Le cinéaste, qui signe ici son deuxième long-métrage (après "Comme les autres"), voulait à l'origine "faire un film sur une histoire de France" et comprend qu'à l'arrivée il a tourné un "film militant", scotché à la réalité d'Alain Marécaux, telle qu'il la raconte.
"Compte tenu de l'ampleur du scandale judiciaire et par responsabilité envers Alain, il fallait être juste. On ne pouvait se permettre la moindre approximation: mon film c'est le degré zéro de l'imagination", revendique-t-il, en soulignant que son scénario a été "validé" par un haut magistrat, Serge Portelli.
"Je pensais que ces gens avaient été acquittés en 2005 et qu'un film parlant d'eux se verrait dérouler un tapis rouge, mais j'étais d'une naïveté totale" accuse-t-il: pas d'accès au tribunal de Saint-Omer, ni à la prison de Beauvais.

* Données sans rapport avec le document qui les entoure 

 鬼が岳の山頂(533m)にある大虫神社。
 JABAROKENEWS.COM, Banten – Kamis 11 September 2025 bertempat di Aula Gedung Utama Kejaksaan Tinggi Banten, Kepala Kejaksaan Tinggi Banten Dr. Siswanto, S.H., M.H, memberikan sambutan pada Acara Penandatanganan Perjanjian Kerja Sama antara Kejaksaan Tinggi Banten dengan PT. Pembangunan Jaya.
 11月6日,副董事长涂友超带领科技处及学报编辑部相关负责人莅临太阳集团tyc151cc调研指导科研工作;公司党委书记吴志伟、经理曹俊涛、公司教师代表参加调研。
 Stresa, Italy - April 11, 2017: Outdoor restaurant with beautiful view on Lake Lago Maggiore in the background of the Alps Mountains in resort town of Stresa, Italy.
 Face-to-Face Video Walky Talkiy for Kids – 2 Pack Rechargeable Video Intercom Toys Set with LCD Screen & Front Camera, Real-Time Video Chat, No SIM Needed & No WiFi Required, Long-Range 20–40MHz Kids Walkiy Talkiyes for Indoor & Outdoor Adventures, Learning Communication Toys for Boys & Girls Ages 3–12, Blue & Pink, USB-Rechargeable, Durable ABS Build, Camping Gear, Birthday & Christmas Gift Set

Et surtout, lors d'une avant-première devant des magistrats et du personnel judiciaire, le Garde des Sceaux de 2005, Pascal Clément, s'interroge à haute voix sur l'innocence d'Alain Marécaux et évoque les rumeurs, persistantes, concernant son comportement avec son fils aîné.
A ce moment là, le réalisateur et son acteur voient rouge. Torreton envisage même un droit de réponse public.
"Qui était sincère?" demande-t-il encore. "Le Garde des Sceaux qui présente des excuses en 2005 ou celui qui doute encore? Ces gens-là cherchent à trahir encore", s'insurge-t-il, en soulignant que le fils de Marécaux aujourd'hui âgé de 18 ans travaillait, avec son frère, sur le "Présumé coupable".
"C'était touchant de les voir, en régie, participer à la reconstruction de leur père".